Leonardo Cerri

Personal information
- Date of birth: 4 March 2003 (age 23)
- Place of birth: Rome, Italy
- Height: 1.98 m (6 ft 6 in)
- Position: Striker

Team information
- Current team: Grenoble

Youth career
- 0000–2015: Atletico Torrino (futsal)
- 2015–2016: Lupa Roma
- 2016–2017: Unicusano Fondi
- 2017–2019: Pescara
- 2019–2022: Juventus

Senior career*
- Years: Team / Apps / (Gls)
- 2021–2025: Juventus Next Gen / 53 / (10)
- 2024–2026: Juventus / 1 / (0)
- 2024–2025: → Carrarese (loan) / 33 / (4)
- 2025–2026: → Bari (loan) / 10 / (1)
- 2026: → Juventus Next Gen (res.) / 10 / (2)
- 2026–: Grenoble / 0 / (0)

International career^{‡}
- 2022: Italy U20 / 1 / (0)
- 2024: Italy U21 / 4 / (1)

= Leonardo Cerri =

Italian footballer (born 2003)

Leonardo Cerri (born 4 March 2003) is an Italian professional footballer who plays as a striker for club Grenoble.

== Club career ==

=== Early career ===
Born in Rome, Italy, Cerri began his youth career playing futsal at Atletico Torrino, before joining Lupa Roma in 2015. After one year, he moved to Unicusano Fondi and, in summer 2017, he joined Pescara.
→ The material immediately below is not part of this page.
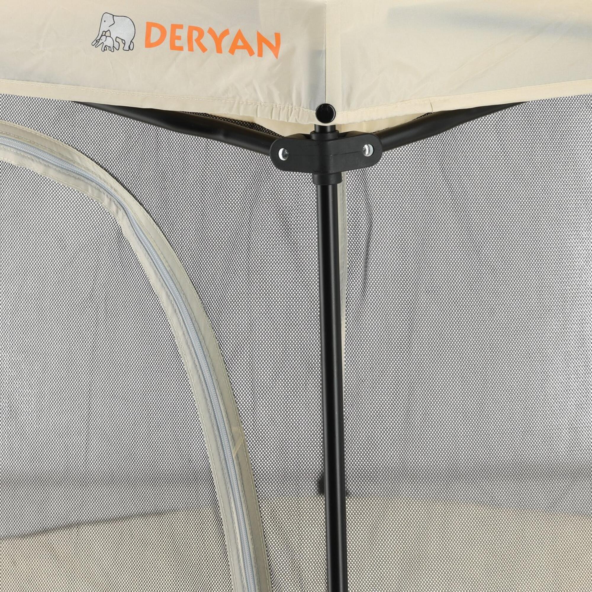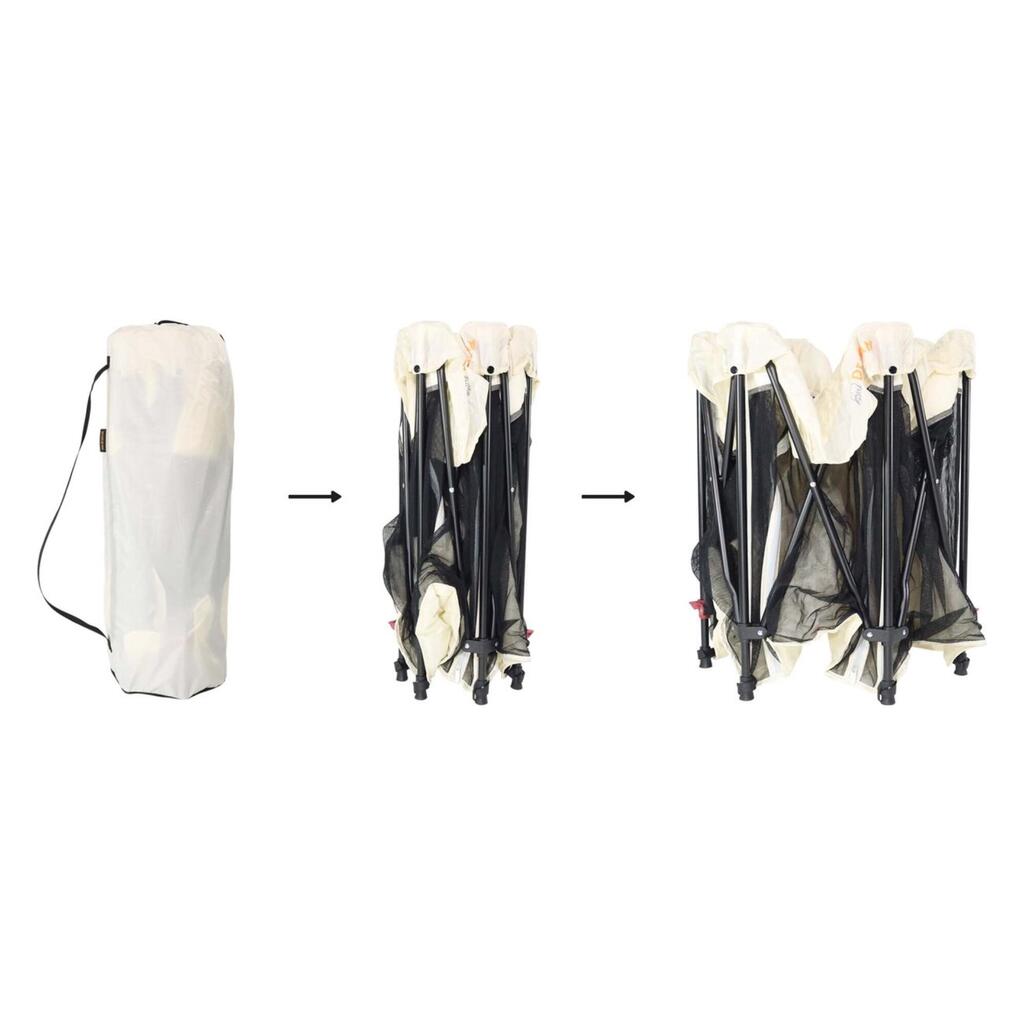A fully closable, spacious, luxury playpen – that’s the DERYAN Up To Go! Safe for your child and incredibly easy to set up and fold down. Who wouldn’t want that? Advantages Fully closable: no insects For children of all ages Secure zipper Removable sunshade Easy to fold in and out Includes pegs and ropes This playpen is perfect for young children of all ages. Thanks to the spacious size of the tent, there is even room for several little ones. The tent is mainly made of polyester and transparent mesh, allowing you to keep an eye on your child at all times – and the other way around. The simple folding system makes this playpen extremely user-friendly. In just two steps, it’s ‘up to go’! The playpen comes standard with a small sunshade, which is easy to attach. It also includes pegs and ropes to ensure even greater stability. Specifications Color: black – sand Folded dimensions: 14.5 x 14.5 x 89 cm Unfolded dimensions: 150 x 170 x 125 cm Weight: 2.5 kg
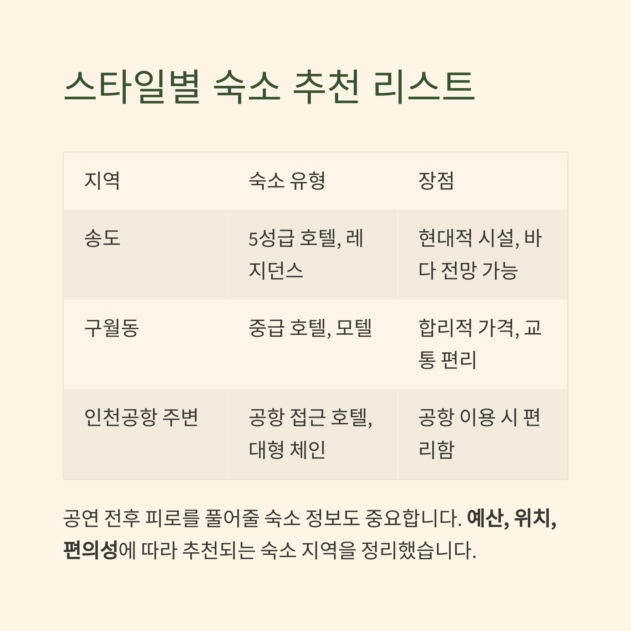 공연 전후 피로를 풀어줄 숙소 정보도 중요합니다.

In the 2018–19 season, Cerri scored 14 goals with Pescara's under-16s; he also played three games with the under-17s at the end of the season, scoring just a single goal.

=== Juventus ===
On 2 July 2019, Cerri joined Juventus in a transfer worth €1.1 million, with Pescara having 50% of his future sale. He played for the under-17s in the 2019–20 season, scoring 12 goals in 17 games. In 2020–21, Cerri was moved to the under-19s, playing in the Campionato Primavera 1.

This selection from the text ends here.